Recall, finally, Reeves saying, "It's not just the non-profit organizations. If the government doesn't change its practice, if our local jurisdictions don't come to the table in a different way, we're never going to get anywhere with this issue." It would have been helpful for him to have said what, exactly, he meant by that, but he didn't, and, typically, no one asked him. But let's guess he was calling for government to hold non-profit housing and social services organizations accountable for the resources entrusted to them, which would include requiring them to collaborate, which is demonstrably not what they're doing now. That would be a good start.
It's too late this year to incorporate preferences and performance measures -- the applications are all in and the review process has begun. But it's not too late for next year.
|The Oft-Ignored Duties of the CSHC under SRC Chapter 20G|
So why has the CSHC not been seen to be fulfilling these duties? The Commission was never even mentioned in MWHITF proceedings, much less consulted as to the "social service needs of the community", or the efforts it's attempted "toward exchanging information for the purpose of coordinating social service delivery systems..." That's partly because it hasn't actually done those things, but followed in the footsteps of its predecessor, the Social Services Advisory Board, who also failed in this regard, because they claim not to have the time. Imagine the Planning Commission trying to get away with that.
It comes down to this. The real reason the CSHC hasn't fulfilled its duties is because City staff and the City Council haven't required them to. Maybe, that's some of what Mr.
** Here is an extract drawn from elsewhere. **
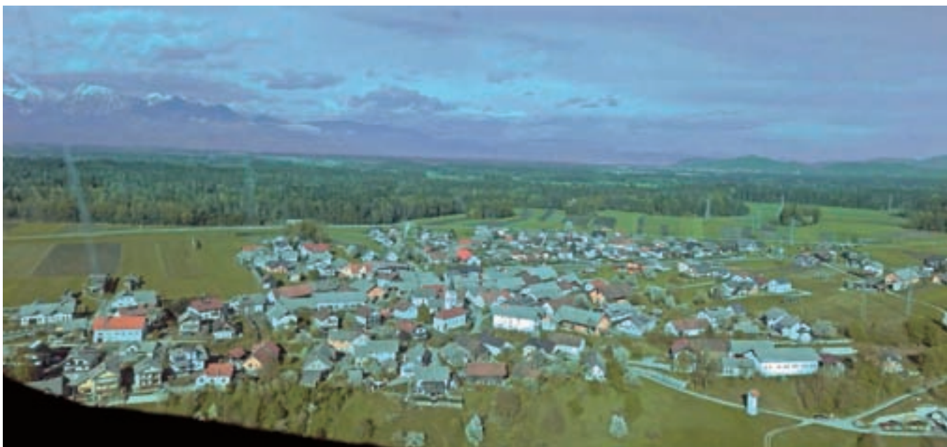
Občani letos doživljajo kar nekaj sprememb pri odmeri nadomestil za uporabo stavbnih zemljišč.

"Tako se pri izračunu NUSZ po novem upoštevajo podatki o površinah, pridobljenih iz uradne evidence, torej zemljiškega katastra, katastra stavb ali iz registra nepremičnin, ki jih za vse občine v državi enotno vodi Geodetska uprava RS. Za zazidana stavbna zemljišča (stanovanja in poslovni prostori) se površina določi v kvadratnih metrih, ki je: čista tlorisna površina stanovanja v večstanovanjskih objektih (celotna površina vseh zaprtih

Reeves meant -- that government has to change its expectations of housing and social services providers by asking more of boards and commissions like the CSHC, on whom they depend to do what would otherwise be their work.
If the CSHC requires more guidance from the Council to get them started, then the Council should give it to them. But, unless the Council asks the CSHC to fulfill all its duties under SRC Chapter 20G, the CSHC is probably going to continue to meet only its "minimum requirements" as dictated by staff. If the Council isn't willing to work with CSHC to raise the standards of its work, it probably doesn't need another commission, either.